_YOUR TASK_: The span to repeat in the listing below runs from the line containing "栄梨紗さんの総運は35画の4点!" to the line containing "Die Wetter- und", inclusive. Repeat it exactly, and only it.

_GIVEN ENTRIES_:
========================
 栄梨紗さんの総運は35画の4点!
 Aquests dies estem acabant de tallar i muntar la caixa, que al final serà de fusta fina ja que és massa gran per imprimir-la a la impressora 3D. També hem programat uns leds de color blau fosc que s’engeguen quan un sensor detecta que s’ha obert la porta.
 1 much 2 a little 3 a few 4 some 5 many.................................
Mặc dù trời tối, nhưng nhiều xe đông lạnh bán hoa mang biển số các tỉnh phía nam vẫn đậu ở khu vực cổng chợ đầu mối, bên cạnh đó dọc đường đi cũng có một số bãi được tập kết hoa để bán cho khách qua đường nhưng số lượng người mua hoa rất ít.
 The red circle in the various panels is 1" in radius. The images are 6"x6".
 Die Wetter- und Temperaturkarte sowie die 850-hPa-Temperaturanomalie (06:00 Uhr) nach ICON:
========================
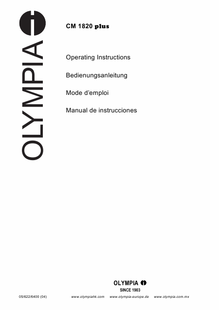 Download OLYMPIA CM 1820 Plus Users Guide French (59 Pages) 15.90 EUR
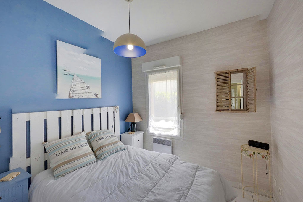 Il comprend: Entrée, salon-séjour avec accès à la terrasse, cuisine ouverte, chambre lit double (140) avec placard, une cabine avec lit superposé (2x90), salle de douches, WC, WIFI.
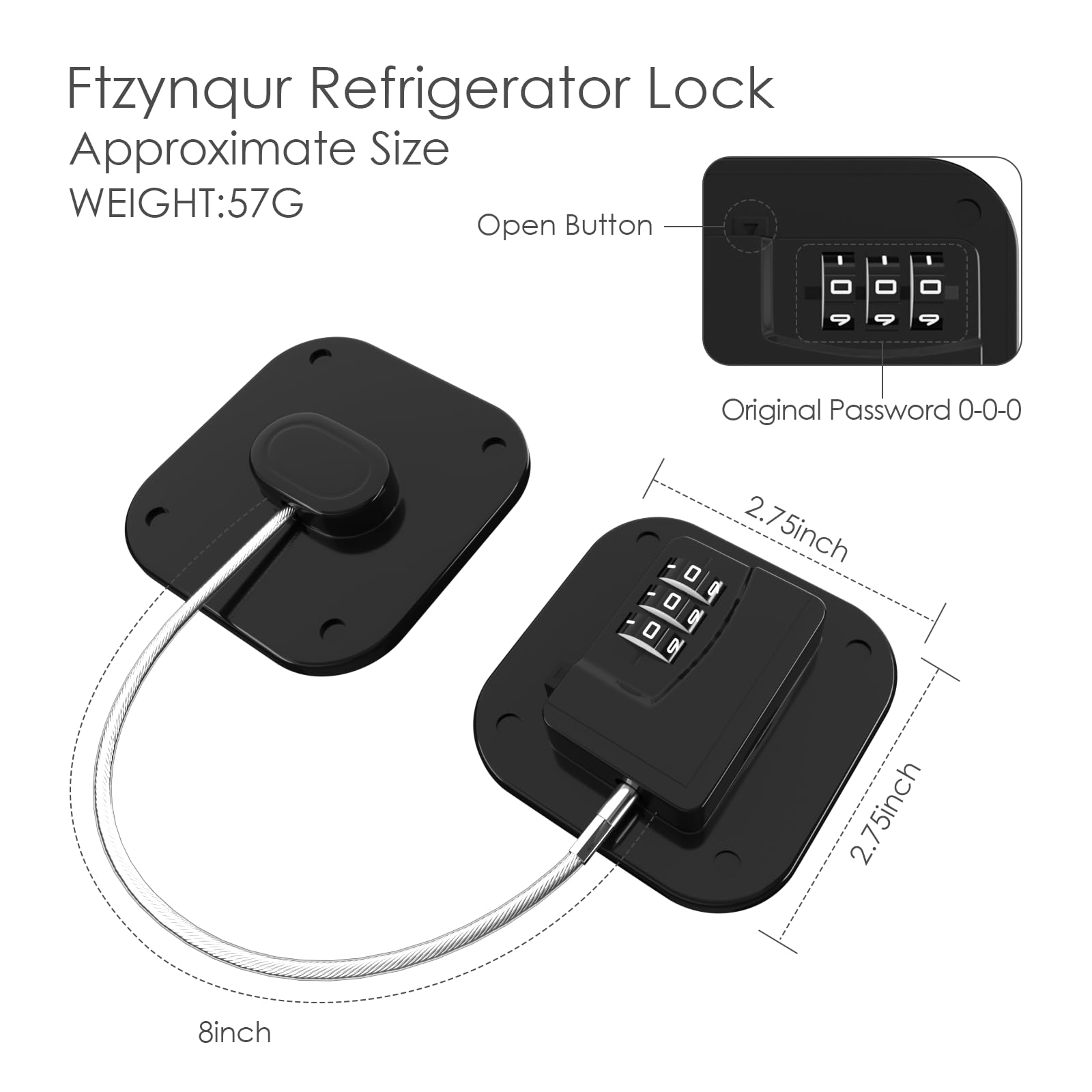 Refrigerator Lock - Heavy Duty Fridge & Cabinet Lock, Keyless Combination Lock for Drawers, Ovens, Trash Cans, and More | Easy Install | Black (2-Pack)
========================
_OUTPUT_:
 栄梨紗さんの総運は35画の4点!
 Aquests dies estem acabant de tallar i muntar la caixa, que al final serà de fusta fina ja que és massa gran per imprimir-la a la impressora 3D. També hem programat uns leds de color blau fosc que s’engeguen quan un sensor detecta que s’ha obert la porta.
 1 much 2 a little 3 a few 4 some 5 many.................................
Mặc dù trời tối, nhưng nhiều xe đông lạnh bán hoa mang biển số các tỉnh phía nam vẫn đậu ở khu vực cổng chợ đầu mối, bên cạnh đó dọc đường đi cũng có một số bãi được tập kết hoa để bán cho khách qua đường nhưng số lượng người mua hoa rất ít.
 The red circle in the various panels is 1" in radius. The images are 6"x6".
 Die Wetter- und Temperaturkarte sowie die 850-hPa-Temperaturanomalie (06:00 Uhr) nach ICON:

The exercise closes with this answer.